Nothing but the lines from the one containing "Hermes Silk Scarf" to the end of the data should be returned, each exactly as written.
─── AVAILABLE DATA
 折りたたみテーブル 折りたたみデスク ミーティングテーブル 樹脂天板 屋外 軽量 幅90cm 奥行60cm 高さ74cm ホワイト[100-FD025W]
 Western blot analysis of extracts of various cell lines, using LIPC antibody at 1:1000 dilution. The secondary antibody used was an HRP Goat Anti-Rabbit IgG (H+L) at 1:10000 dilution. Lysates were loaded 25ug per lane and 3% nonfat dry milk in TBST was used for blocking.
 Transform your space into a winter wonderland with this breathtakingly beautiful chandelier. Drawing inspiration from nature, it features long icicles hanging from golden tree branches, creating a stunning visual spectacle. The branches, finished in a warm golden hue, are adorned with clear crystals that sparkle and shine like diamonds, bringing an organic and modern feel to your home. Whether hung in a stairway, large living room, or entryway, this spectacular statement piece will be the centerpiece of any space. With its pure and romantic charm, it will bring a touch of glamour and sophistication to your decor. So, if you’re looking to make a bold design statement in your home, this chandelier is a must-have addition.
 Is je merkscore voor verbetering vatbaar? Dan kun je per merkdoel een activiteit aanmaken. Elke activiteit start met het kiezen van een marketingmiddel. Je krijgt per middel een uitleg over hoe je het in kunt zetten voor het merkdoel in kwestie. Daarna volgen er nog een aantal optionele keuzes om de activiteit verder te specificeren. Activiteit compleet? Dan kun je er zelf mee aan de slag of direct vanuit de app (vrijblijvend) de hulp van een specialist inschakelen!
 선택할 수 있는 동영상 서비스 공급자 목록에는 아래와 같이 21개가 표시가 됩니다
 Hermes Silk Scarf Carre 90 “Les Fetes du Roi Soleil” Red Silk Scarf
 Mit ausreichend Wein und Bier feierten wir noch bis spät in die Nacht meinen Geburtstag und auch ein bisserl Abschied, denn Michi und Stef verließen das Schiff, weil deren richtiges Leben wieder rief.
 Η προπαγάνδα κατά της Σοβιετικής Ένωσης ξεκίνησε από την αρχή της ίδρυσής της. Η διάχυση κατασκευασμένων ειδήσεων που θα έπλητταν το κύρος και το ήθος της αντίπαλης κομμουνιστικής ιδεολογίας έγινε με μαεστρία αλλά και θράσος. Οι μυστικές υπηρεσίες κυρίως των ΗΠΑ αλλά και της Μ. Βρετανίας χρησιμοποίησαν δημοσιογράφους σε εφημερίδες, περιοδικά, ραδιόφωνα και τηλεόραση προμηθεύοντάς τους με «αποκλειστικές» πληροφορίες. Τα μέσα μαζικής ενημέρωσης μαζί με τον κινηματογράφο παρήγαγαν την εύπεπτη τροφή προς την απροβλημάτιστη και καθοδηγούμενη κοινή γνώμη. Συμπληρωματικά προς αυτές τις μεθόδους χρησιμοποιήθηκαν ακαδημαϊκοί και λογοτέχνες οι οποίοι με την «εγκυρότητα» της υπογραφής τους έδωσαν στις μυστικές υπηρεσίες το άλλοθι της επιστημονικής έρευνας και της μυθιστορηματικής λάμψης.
──────
## SOLUTION FOR THIS EXERCISE
 Hermes Silk Scarf Carre 90 “Les Fetes du Roi Soleil” Red Silk Scarf
 Mit ausreichend Wein und Bier feierten wir noch bis spät in die Nacht meinen Geburtstag und auch ein bisserl Abschied, denn Michi und Stef verließen das Schiff, weil deren richtiges Leben wieder rief.
 Η προπαγάνδα κατά της Σοβιετικής Ένωσης ξεκίνησε από την αρχή της ίδρυσής της. Η διάχυση κατασκευασμένων ειδήσεων που θα έπλητταν το κύρος και το ήθος της αντίπαλης κομμουνιστικής ιδεολογίας έγινε με μαεστρία αλλά και θράσος. Οι μυστικές υπηρεσίες κυρίως των ΗΠΑ αλλά και της Μ. Βρετανίας χρησιμοποίησαν δημοσιογράφους σε εφημερίδες, περιοδικά, ραδιόφωνα και τηλεόραση προμηθεύοντάς τους με «αποκλειστικές» πληροφορίες. Τα μέσα μαζικής ενημέρωσης μαζί με τον κινηματογράφο παρήγαγαν την εύπεπτη τροφή προς την απροβλημάτιστη και καθοδηγούμενη κοινή γνώμη. Συμπληρωματικά προς αυτές τις μεθόδους χρησιμοποιήθηκαν ακαδημαϊκοί και λογοτέχνες οι οποίοι με την «εγκυρότητα» της υπογραφής τους έδωσαν στις μυστικές υπηρεσίες το άλλοθι της επιστημονικής έρευνας και της μυθιστορηματικής λάμψης.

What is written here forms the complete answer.